The simplest regexs will return exact matches for you. In all of the following examples, we will be searching for the pattern “ini,” but notice how different functions differ across the format of and amount of details in the results. Notice also, that the first argument of each of these functions is the regular expression pattern.

grep returns the index of matches, in this case, 4, 10, and 11. Its arguments are the search pattern, and the character vector where matches are sought, or x.

grep("ini", pastas) # returns index of matches
## [1]  4 10 11

We can use the index values to return the respective pastas as follows:

pastas[c(4,10,11)]
## [1] "bucatini"   "linguini"   "tortellini"

Or we can use the value = TRUE argument of grep:

grep("ini", pastas, value = TRUE)
## [1] "bucatini"   "linguini"   "tortellini"

grepl will return a vector of the same length as x with values of TRUE or FALSE dependent on if there is a match or not:

grepl("ini", pastas) # returns logical vector of length x
##  [1] FALSE FALSE FALSE  TRUE FALSE FALSE FALSE FALSE FALSE  TRUE  TRUE

Using the results from grepl, recover our three pastas of choice:

# insert code here

If we want to find the index of matches within our strings (and some other information) we can use regexpr:

regexpr("ini", pastas) # returns the index of first match
##  [1] -1 -1 -1  6 -1 -1 -1 -1 -1  6  8
## attr(,"match.length")
##  [1] -1 -1 -1  3 -1 -1 -1 -1 -1  3  3
## attr(,"index.type")
## [1] "chars"
## attr(,"useBytes")
## [1] TRUE

And gregexpr gives us even more information. We couldn’t tell from the previous example, because the pattern "ini" only happened once in the words where it matched, but gregexpr can return info for multiple matches. This question about how regex deals with multiple matches is very important, and we’ll come back to more on this later.

gregexpr("a", pastas)[1:2] # returns index of all matches
## [[1]]
## [1] 2 5
## attr(,"match.length")
## [1] 1 1
## attr(,"index.type")
## [1] "chars"
## attr(,"useBytes")
## [1] TRUE
## 
## [[2]]
## [1] 2 5
## attr(,"match.length")
## [1] 1 1
## attr(,"index.type")
## [1] "chars"
## attr(,"useBytes")
## [1] TRUE

Two other functions to note are sub and gsub, which replace occurrences of the specified pattern. The former replaces only the first occurrence (i.e. if your pattern is "p" and you choose to replace it with a blank "", sub will remove only the first "p" in the string) while gsub replaces all occurrences.

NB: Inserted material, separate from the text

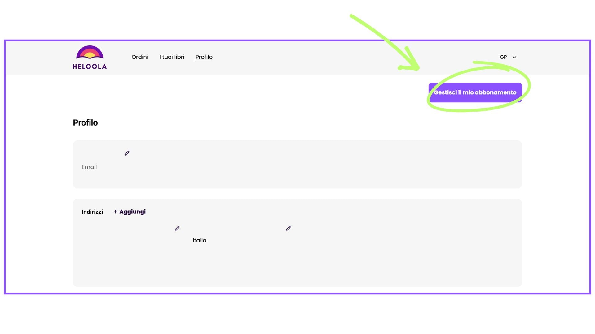 Nella schermata Profilo, clicca sul bottone "Gestisci il mio abbonamento" in alto a destra. Verrai così indirizzat* ad una schermata di recap del tuo abbonamento.

There are more ways you can work with the results of regular expression matches, and we’ll come back to these, but for now let’s actually use a stringr function you probably won’t use a ton in the future: str_view. The nice thing about str_view is that it shows you your matches exactly. In this way, we can practice upping the complexity of our regular expressions as opposed to the functions surrounding the expressions. If you want a function that extracts these into a new character vector, you can use str_extract.

Wildcard matches

We can use the . character to match any character except for a new line. Notice how the arguments of str_view are reversed, and we place the vector we’re searching in before the pattern we are searching for.

str_view(emails, ".a")

Notice also how we are only capturing the first iteration of the match. Which instance of .a are we missing here as a result? We’ll “fix” this issue later when we learn about metacharacters.

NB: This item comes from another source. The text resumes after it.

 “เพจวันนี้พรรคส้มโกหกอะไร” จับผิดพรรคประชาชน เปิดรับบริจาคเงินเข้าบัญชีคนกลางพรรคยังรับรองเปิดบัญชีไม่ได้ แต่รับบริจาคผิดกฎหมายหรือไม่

What if you want to match a . exactly? Remember our escape character? We can use the backslash to write an expression to match the period precisely. But wait, since the backslash is a special character, we have to escape it as well. This means that to match a period exactly, we can use \\.. This also means that if we want to match a single backslash exactly, we have to escape its escape characters, i.e. use \\\\, and so on!

str_view(emails, "\\.")

This is a very subtle point, but one that is very important, so let’s go through each of those quadruple backslashes individually to fix ideas:

  • Why doesn’t "\" match a backslash exactly?
  • Why doesn’t "\\" match a backslash exactly?
  • Why doesn’t "\\\" match a backslash exactly?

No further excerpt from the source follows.